Date: Thu, 20 Aug 1998 15:49:36 +0200 (MET DST)
Hi Jes,
our hardware configuration:
Tyan TahoeII, 2 x PII-266, 192 MByte, 2 x Adaptec 2940UW, 1 x EEpro100
Linux configuration:
Standard 2.1.117 without any patches
Drivers for 2940UW, EEPro100,
Root file system on NFS with BOOTP IP autoconfiguration
MD driver,
Serial console
When booting 2.1.117 I now also get an OOPS (I overlooked it this morning,
because it had already been scrolled off the screen by the wait_on_bh
messages). After that I get the wait_on_bh messages, the system does not
respond to the network. 2.1.116 does not give me the OOPSes but just the
wait_on_bh stuff, 2.1.114 worked reasonably OK, I did not try 2.1.115.
I've included the OOPS and the wait_on_bh messages as well.
Cheers
Steffen
The OOPS (output of ksymoops):
Using `../System.map' to map addresses to symbols.

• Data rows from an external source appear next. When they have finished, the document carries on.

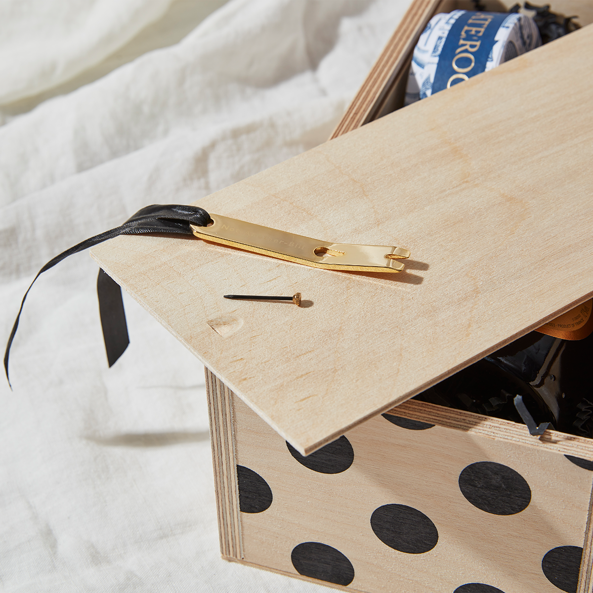 - Each Set, is housed in our polka printed wooden hampers (FSC certified Wood)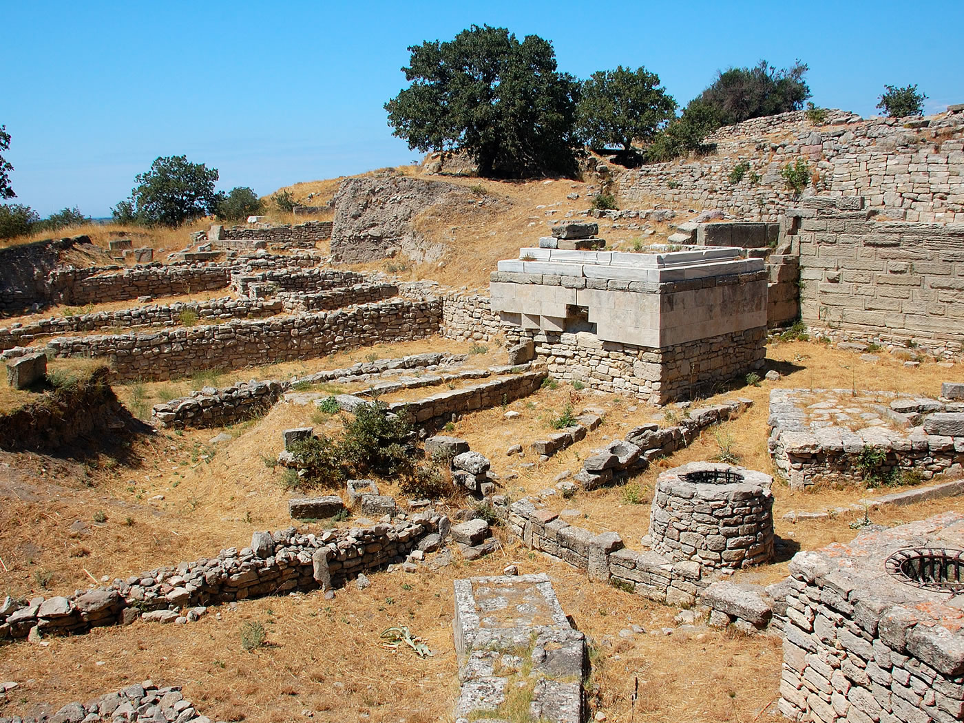 The Trojan Horse which was used in the movie Troy, The Trojan Horse (Did it really exist ?), Helen of Troy (Was she the real cause of the war ?), The Trojan Wars, Battle between Achilles an Hector, The 3200 years old city walls of Troy VI and VII, The East gate of VI (VIP entrance of Troy VI), The Temple of Athena, Walls of Troy II and Megaron House, Walls of Troy I (The oldest ruins of Troy), The trench of Schliemann, The ramp of Troy II, The Scaean Gate, The Gate of Troy VI (Where possibly the tricky wooden horse was taken), Sanctuary (Sacrificing Altars), Roman Bath, Odeon (Music theatre), South gate of Troy VI, Bouleuterion, Ruins of agora (Market place),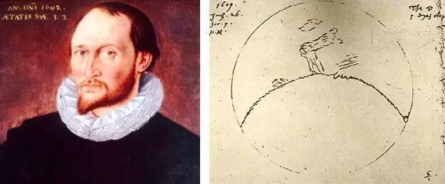左图:无名氏绘制的据说是哈略特的画像(c.1602),现存牛津大学三一学院;右图:哈略特绘制的月面图,图上注明的日期是1609年7月26日,现存英国西塞克斯档案馆(MS  HMC, 241/IX, fol. 20)。

>>EIP: c0148d55 <nfs_flush_dirty_pages+181/1a4>
Trace: c01475f1 <nfs_file_close+31/58>
Trace: c0126aba <__fput+22/50>
Trace: c0126b37 <close_fp+4f/84>
Trace: c0126bcc <sys_close+60/7c>
Trace: c010afec <system_call+34/38>
Code: c0148d55 <nfs_flush_dirty_pages+181/1a4>
Code: c0148d55 <nfs_flush_dirty_pages+181/1a4> 8b 40 5c movl
0x5c(%eax),%eax
Code: c0148d58 <nfs_flush_dirty_pages+184/1a4> 8b 40 44 movl
0x44(%eax),%eax
Code: c0148d5b <nfs_flush_dirty_pages+187/1a4> 50 pushl
%eax
Code: c0148d5c <nfs_flush_dirty_pages+188/1a4> e8 4f 99 02 00 call
c01726b0 <rpc_clnt_sigunmask>
Code: c0148d61 <nfs_flush_dirty_pages+18d/1a4> 83 c4 08 addl
$0x8,%esp
Code: c0148d64 <nfs_flush_dirty_pages+190/1a4> e9 af fe ff ff jmp
fffffec3 <_EIP+fffffec3>
... and later I get the wait_on_bh messages repeating
...
wait_on_bh, CPU 0:
irq: 1 [0 1]
bh: 1 [0 1]
<[c0113d4b]> <[c017547e]> <[c01755ae]> <[c0174a39]> <[c0175c95]>
<[c0147c5c]> <[c0175824]> <[c0175919]>
wait_on_bh, CPU 0:
irq: 1 [0 1]
bh: 1 [0 1]
<[c0113d4b]> <[c017547e]> <[c01755ae]> <[c0174a39]> <[c0175c95]>
<[c0147c5c]> <[c0175824]> <[c0175919]>
...
The trace corresponds to
del_timer
__rpc_wake_up
rpc_wake_up_next
xprt_release
rpc_release_task
nfs_readpage_result
__rpc_execute
__rpc_schedule
(I looked this up manually, hopefully I got it right) ...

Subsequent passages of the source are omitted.